▶ _RECORD SET_
______

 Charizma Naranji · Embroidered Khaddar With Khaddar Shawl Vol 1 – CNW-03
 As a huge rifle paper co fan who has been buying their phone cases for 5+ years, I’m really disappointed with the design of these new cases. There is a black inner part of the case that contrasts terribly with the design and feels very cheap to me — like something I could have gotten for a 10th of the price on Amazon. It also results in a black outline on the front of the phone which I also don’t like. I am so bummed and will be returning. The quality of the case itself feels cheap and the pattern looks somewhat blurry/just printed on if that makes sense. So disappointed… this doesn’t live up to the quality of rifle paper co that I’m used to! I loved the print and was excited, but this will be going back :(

______

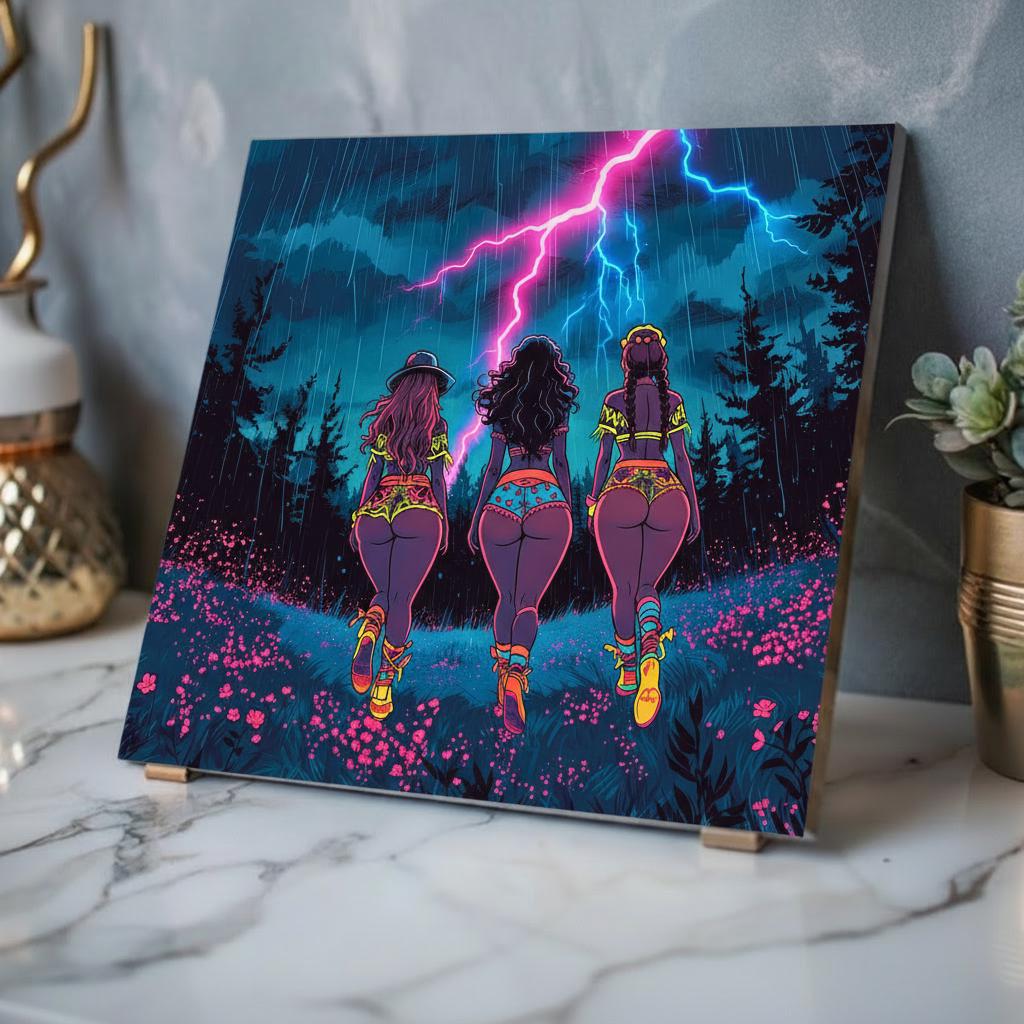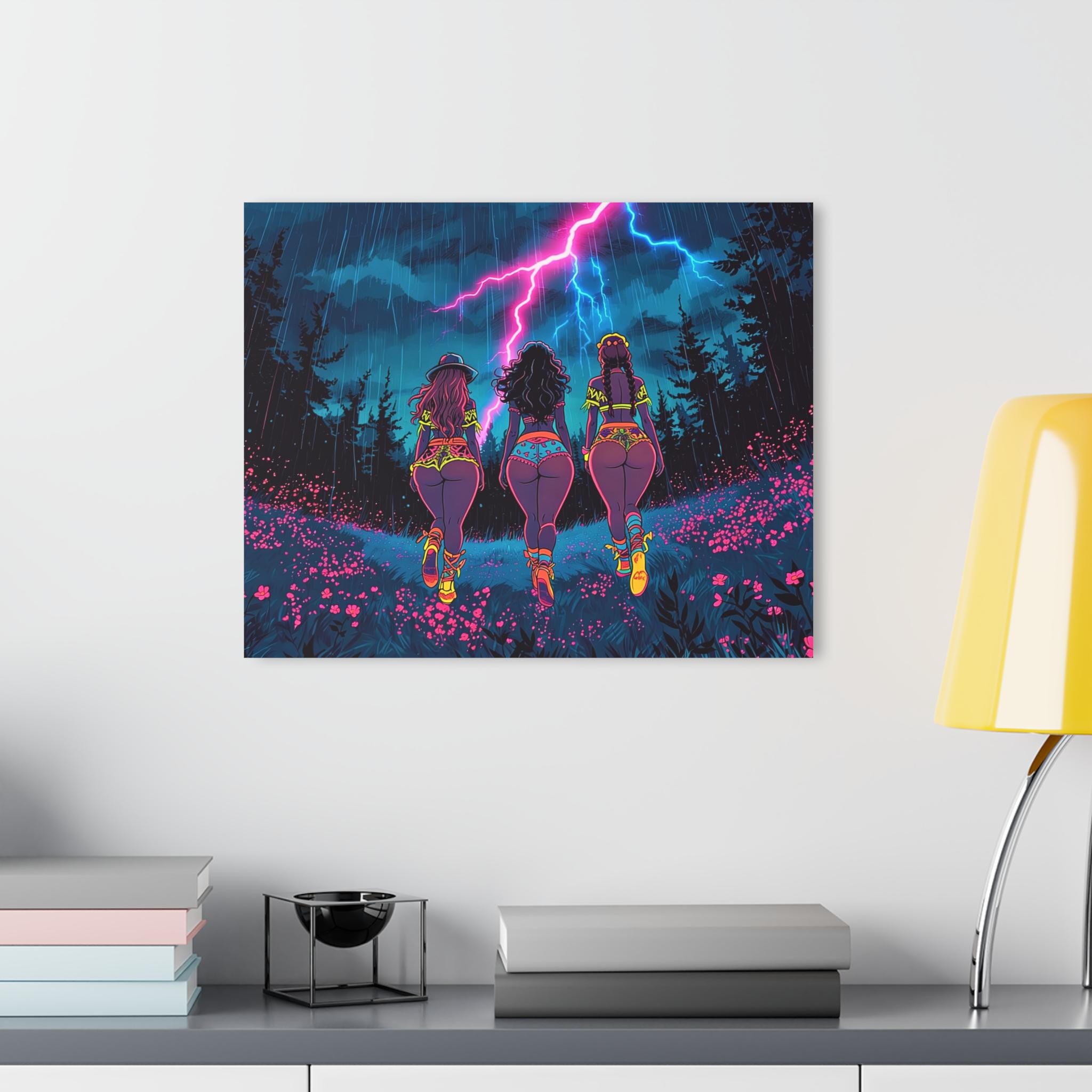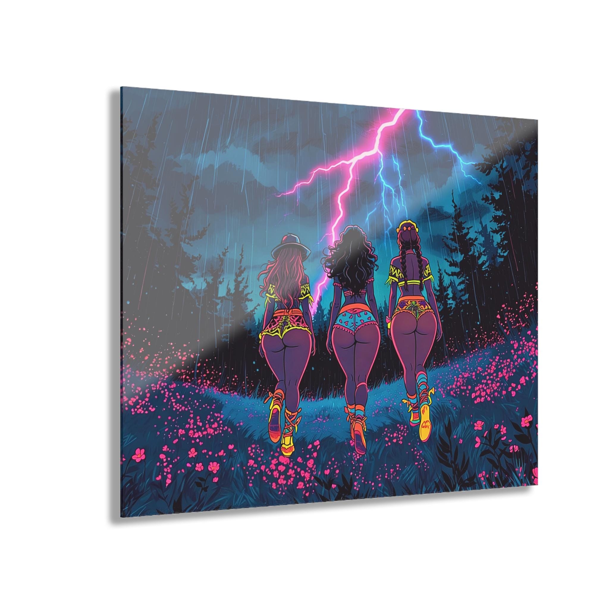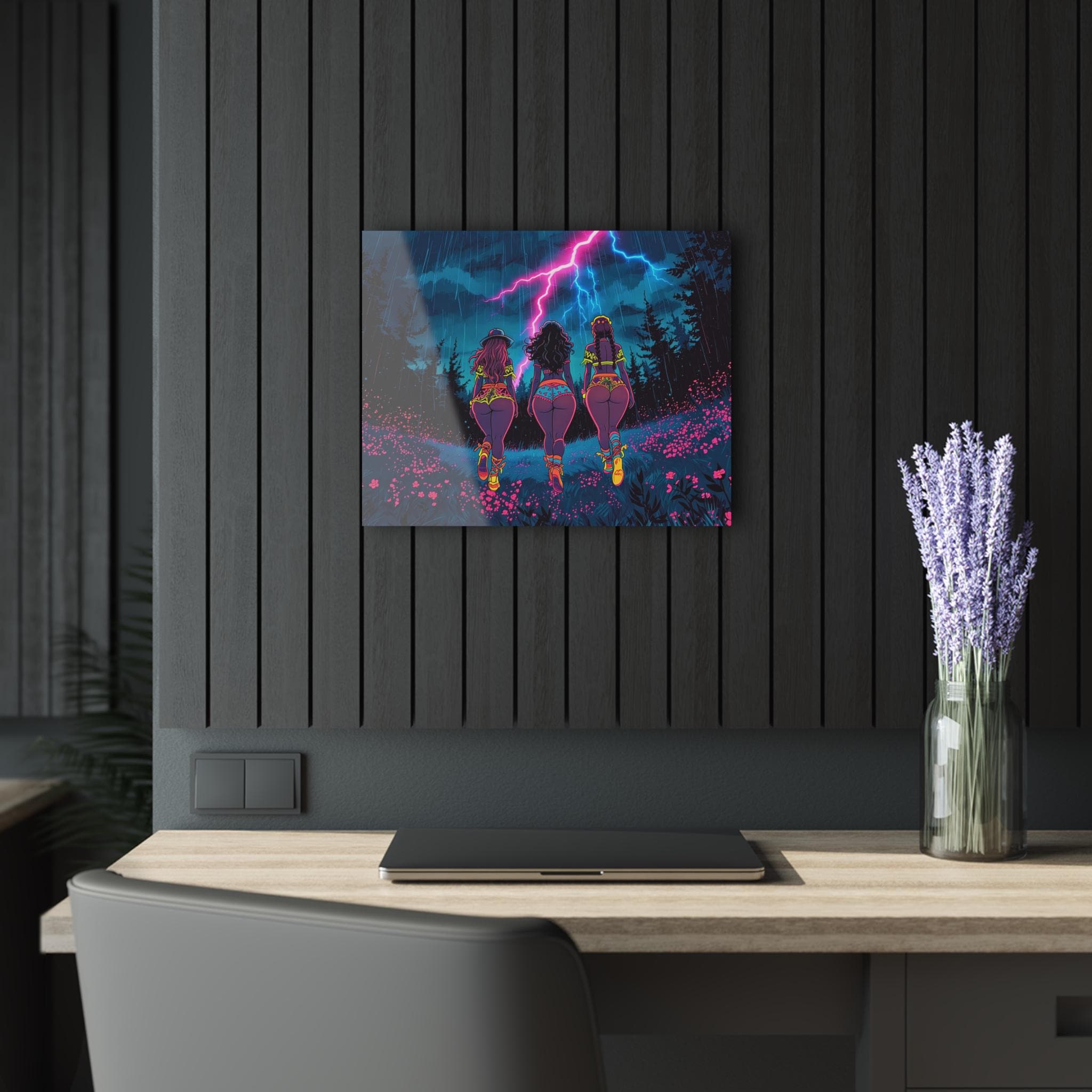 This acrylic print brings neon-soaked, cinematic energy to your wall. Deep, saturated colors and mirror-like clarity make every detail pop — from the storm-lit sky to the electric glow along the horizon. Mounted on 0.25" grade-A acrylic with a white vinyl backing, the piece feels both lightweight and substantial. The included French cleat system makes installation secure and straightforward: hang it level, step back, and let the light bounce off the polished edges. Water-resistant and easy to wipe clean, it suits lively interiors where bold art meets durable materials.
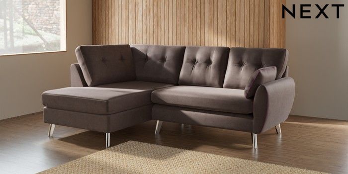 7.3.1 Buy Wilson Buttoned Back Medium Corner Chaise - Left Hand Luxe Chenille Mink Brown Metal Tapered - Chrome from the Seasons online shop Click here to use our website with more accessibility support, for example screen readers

______

▶ _WHAT TO DO_
The lines above starting at the one that contains "Charizma Naranji ·" and ending at the one that contains "As a huge rifle" must be transcribed exactly, and no other lines may appear.

▶ _OUTPUT FOR THIS EXERCISE_
 Charizma Naranji · Embroidered Khaddar With Khaddar Shawl Vol 1 – CNW-03
 As a huge rifle paper co fan who has been buying their phone cases for 5+ years, I’m really disappointed with the design of these new cases. There is a black inner part of the case that contrasts terribly with the design and feels very cheap to me — like something I could have gotten for a 10th of the price on Amazon. It also results in a black outline on the front of the phone which I also don’t like. I am so bummed and will be returning. The quality of the case itself feels cheap and the pattern looks somewhat blurry/just printed on if that makes sense. So disappointed… this doesn’t live up to the quality of rifle paper co that I’m used to! I loved the print and was excited, but this will be going back :(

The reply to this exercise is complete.